▸ RECORDED DATA:
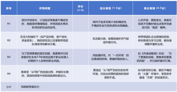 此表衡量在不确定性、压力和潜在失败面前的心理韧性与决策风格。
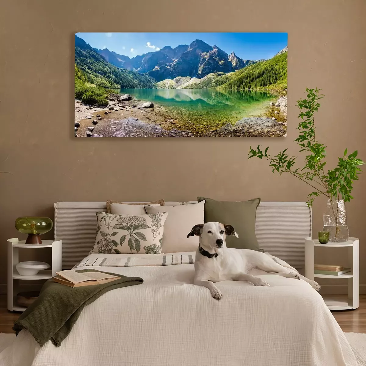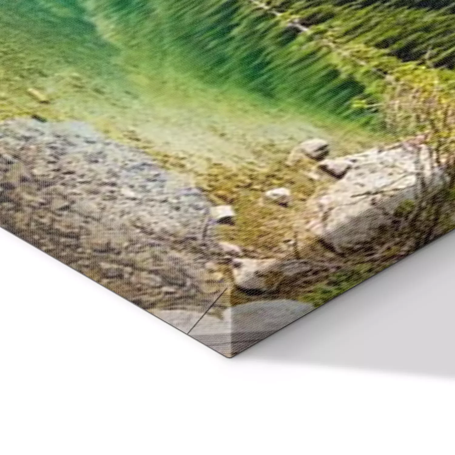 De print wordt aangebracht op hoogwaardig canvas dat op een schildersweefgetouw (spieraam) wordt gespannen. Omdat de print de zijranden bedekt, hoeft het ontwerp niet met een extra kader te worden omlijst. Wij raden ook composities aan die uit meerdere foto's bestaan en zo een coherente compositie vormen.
...
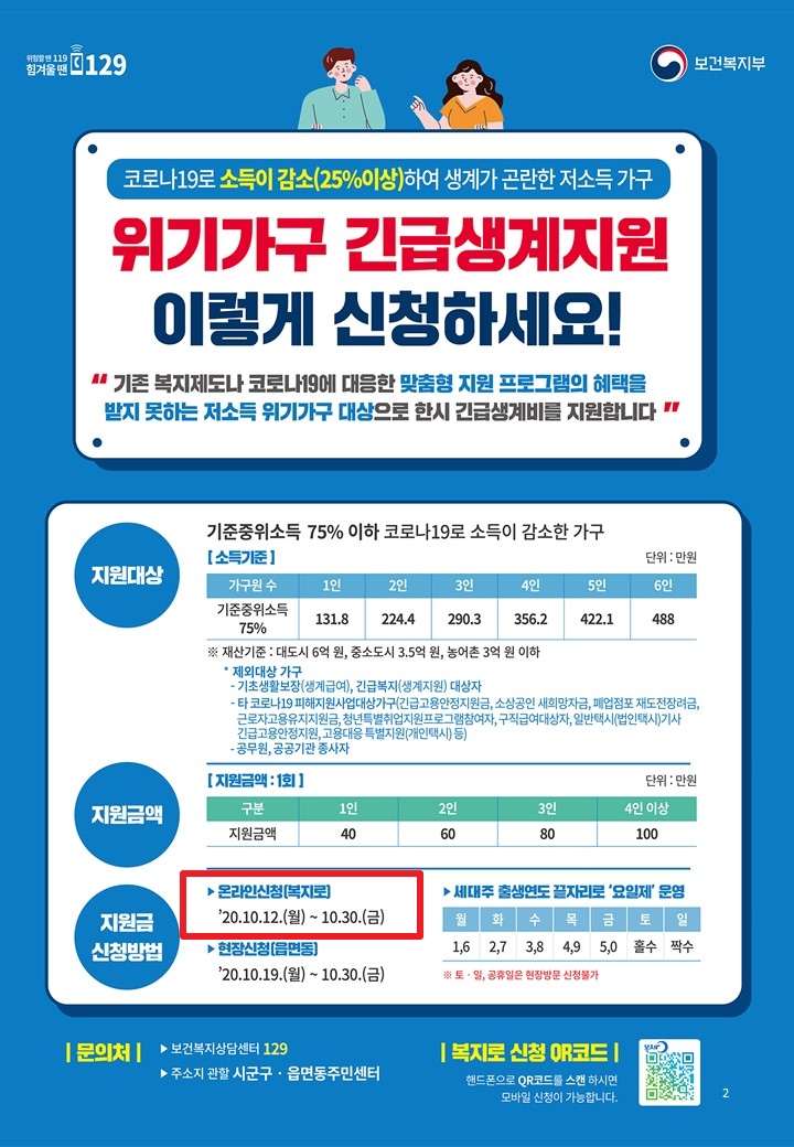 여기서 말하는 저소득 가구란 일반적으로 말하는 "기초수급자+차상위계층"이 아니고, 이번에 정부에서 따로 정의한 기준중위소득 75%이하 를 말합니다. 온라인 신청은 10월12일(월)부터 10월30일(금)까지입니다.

▸ WORK TASK:
In the data above, take the line with "此表衡量在不确定性、压力和潜在失败面前的心理韧性与决策风格。", the line with "De print wordt", and every line between, and set them down exactly without pictures.

▸ ANSWER TO THE PROBLEM:
 此表衡量在不确定性、压力和潜在失败面前的心理韧性与决策风格。
 De print wordt aangebracht op hoogwaardig canvas dat op een schildersweefgetouw (spieraam) wordt gespannen. Omdat de print de zijranden bedekt, hoeft het ontwerp niet met een extra kader te worden omlijst. Wij raden ook composities aan die uit meerdere foto's bestaan en zo een coherente compositie vormen.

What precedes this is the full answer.